医学界新聞

2017.04.17



Medical Library 書評・新刊案内


ネルソン小児感染症治療ガイド
第2版

齋藤 昭彦 監訳
新潟大学小児科学教室 翻訳

《評 者》宮入 烈(国立成育医療研究センター感染症科医長)

小児の抗菌薬の使い方を学びたい方にもイチオシ

 小児の抗菌薬マニュアルと言えば,評者はこの本が真っ先に思い浮かびます。John D. NelsonやJohn S. Bradleyといった小児科の重鎮の名が並ぶこの黄色い本は米国の小児科診療の現場で長年愛用されてきた名著です。15年前,米国で小児感染症フェローとして働いていた評者も本書を“Red book”(American Academy of Pediatrics)とともにカバンに忍ばせ,コンサルトのたびに引っ張り出して抗菌薬の投与量を参照していました。今は,当院の感染症科フェローのポケットに収まり,他科からの診療相談のたびに活躍しています。

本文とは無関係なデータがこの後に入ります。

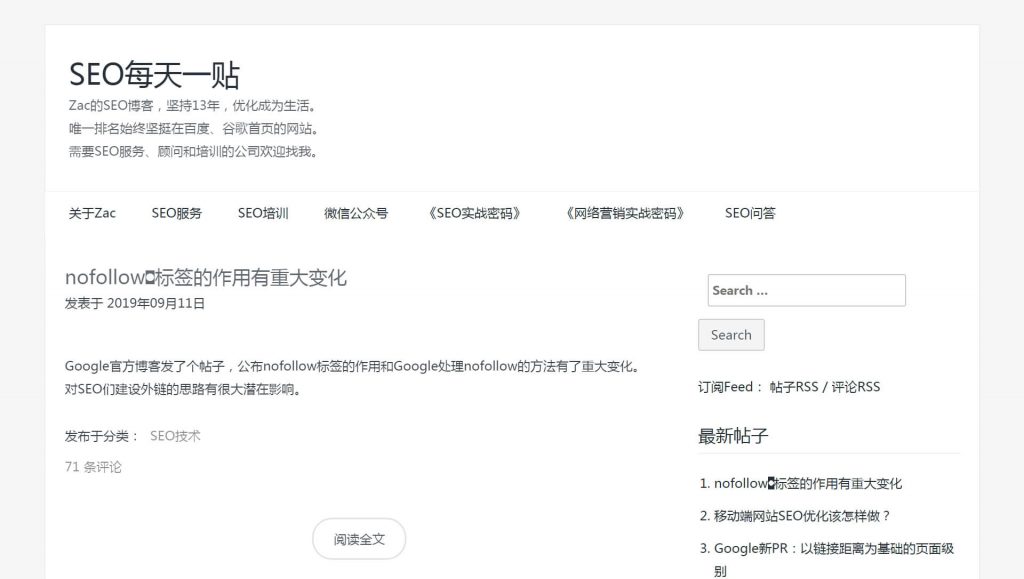 SEO每天一贴,是SEO专家Zac更新的博客内容,Zac拥有18年SEO经验,并坚持13年更新SEO每天一贴,中文SEO优化行业旗帜性博客。Zac分享网站优化排名技术,专业SEO培训、顾问咨询等SEO服务,为SEO爱好者提供最新的技术信息。

 本書は,抗微生物薬の適応・用量・用法の詳細が記されたいわゆるマニュアル本です。しかし,40年以上にわたる実践の中で精度を高め,2年に1回(2014年以降は毎年)新たな知見を基に改訂され進化してきた実績があり,これに比肩するものはありません。特に治療薬選択のエビデンスや注意事項が参考文献と共に記載されているのは本書の特徴です。例えば中耳炎の治療など議論の的となる事項については,ガイドラインの推奨やシステマティックレビューをまとめた「メモ」があります。また,壊死性筋膜炎や慢性骨髄炎に対する外科的介入の推奨など,最善の感染症治療について薬以外の治療にも言及されています。さらに,新生児,肥満児,市中MRSA感染症,小児特有の病態における予防投与などについても具体的な処方が記載されていて,包括的な内容になっています。もちろん米国のマニュアルを日本に導入するには,疫学や人種の違い,保険診療との齟齬がないかなどの検討が必要となります。そこは日米両国をまたぐ小児感染症のエキスパートである齋藤昭彦先生を中心に翻訳者陣が注釈を加えており,大変助かります。

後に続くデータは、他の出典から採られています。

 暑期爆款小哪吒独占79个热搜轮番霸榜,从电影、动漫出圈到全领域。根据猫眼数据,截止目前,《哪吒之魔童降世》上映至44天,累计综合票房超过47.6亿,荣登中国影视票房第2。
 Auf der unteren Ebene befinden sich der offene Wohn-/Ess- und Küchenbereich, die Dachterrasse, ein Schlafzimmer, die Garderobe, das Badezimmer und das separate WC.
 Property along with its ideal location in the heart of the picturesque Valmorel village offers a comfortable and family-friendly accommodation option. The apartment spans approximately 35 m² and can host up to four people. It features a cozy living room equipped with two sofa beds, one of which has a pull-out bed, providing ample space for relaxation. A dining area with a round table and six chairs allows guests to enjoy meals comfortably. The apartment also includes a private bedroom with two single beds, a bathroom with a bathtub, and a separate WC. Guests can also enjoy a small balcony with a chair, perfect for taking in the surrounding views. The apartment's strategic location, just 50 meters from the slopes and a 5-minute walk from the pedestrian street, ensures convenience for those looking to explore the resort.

 小児の抗菌薬の使い方を学びたい方にもイチオシの本です。冒頭には抗菌薬と抗真菌薬を選択するために鍵となる各薬剤の特徴が書かれています。一文一文に凝縮された情報を自分のものにすることができれば,自ら考えて抗菌薬を選ぶための強力な知識になります。他にも薬力学・薬物動態学,静注抗菌薬から経口抗菌薬への切り替え方,副作用や相互作用などが学べる構成となっています。まずはこの本を通読し,実例に遭遇するたびに該当箇所を丁寧に読み直すことをお勧めします。読み返すたびに新たな気付きがあり,小児感染症診療に必要な抗菌薬の知識と考え方が身につくはずです。

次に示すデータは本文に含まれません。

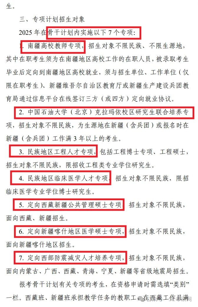另关于少干计划的调剂:报考“少数民族高层次骨干人才计划”的考生不得调剂到该计划以外录取;未报考的不得调剂入该计划录取。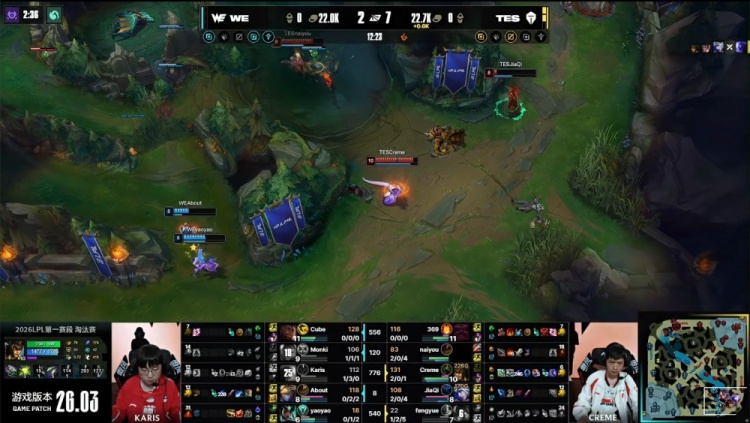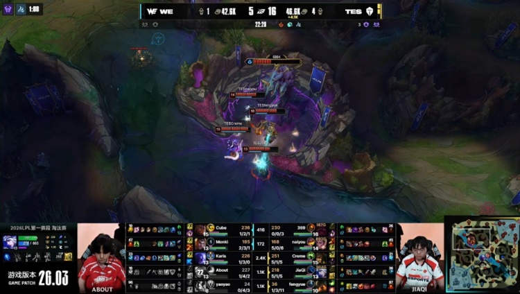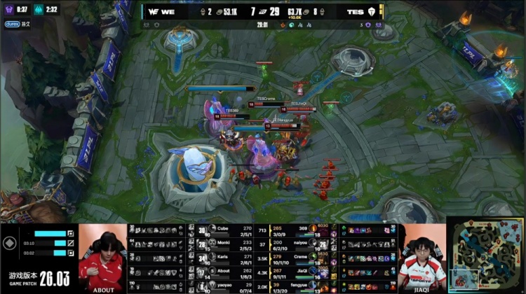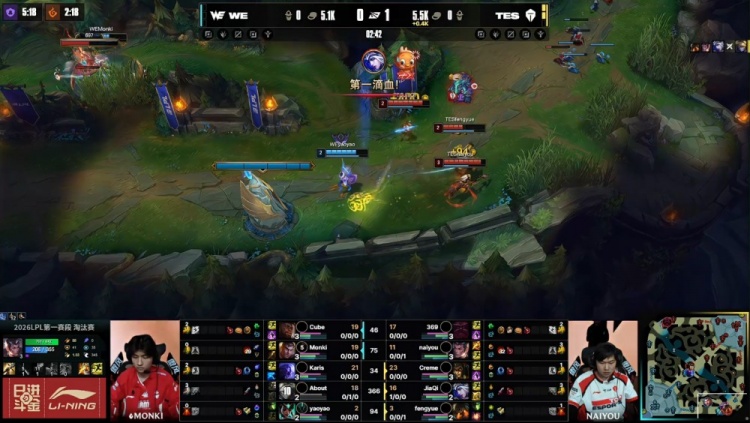 直播吧2月28日讯 2026LPL第一赛段淘汰赛败者组第一轮,由WE对阵TES!

B6変型・頁312 定価:本体3,600円+税 医学書院
ISBN978-4-260-02824-0


処置時の鎮静・鎮痛ガイド

乗井 達守 編

《評 者》林 寛之(福井大病院教授・総合診療部長・救急科長)

もうビビらない! 鎮痛・鎮静の安全・安心ガイド登場

 「医学は耳学問とみたり」などという指導を受けて育ったわれわれ古だぬき医者にとっては,本書は目からうろこの宝の山だ。特に事例が多く,薄い本というのが実によい(テヘ!)。古来,日本人は我慢強いのが美徳とされ,患者さんの痛みにはあまり共感的ではなく,処置を優先するのが当たり前であった。「胃カメラで鎮静してほしいなんて根性のない」などと言ったものだが,とんでもはっぷん,胃カメラは特に若い人であれば地獄のようにつらい手技であることに変わりはない。

 不思議なことに,医療者も自分自身が患者にならないと患者に寄り添う本当の医療が実感できないものなのかもしれない。古だぬき先生が患者さんに優しい良医である場合,案外自分も健康を害したことがあり,その経験が良医たるべく肥やしになっているのではないかしらン? 「痛み」は第5のバイタルサインと言われ,患者さんの痛みに敏感であることも,医療者としてはすごく大事な資質なのだ。

 でも,経験が少ない若先生に朗報です。海外では当たり前のように,鎮静・鎮痛のガイドラインに沿った医療が行われている一方,日本ではなかなか学ぶ機会のなかったこの手法を本書から学ぶことができるようになりました。パチパチ。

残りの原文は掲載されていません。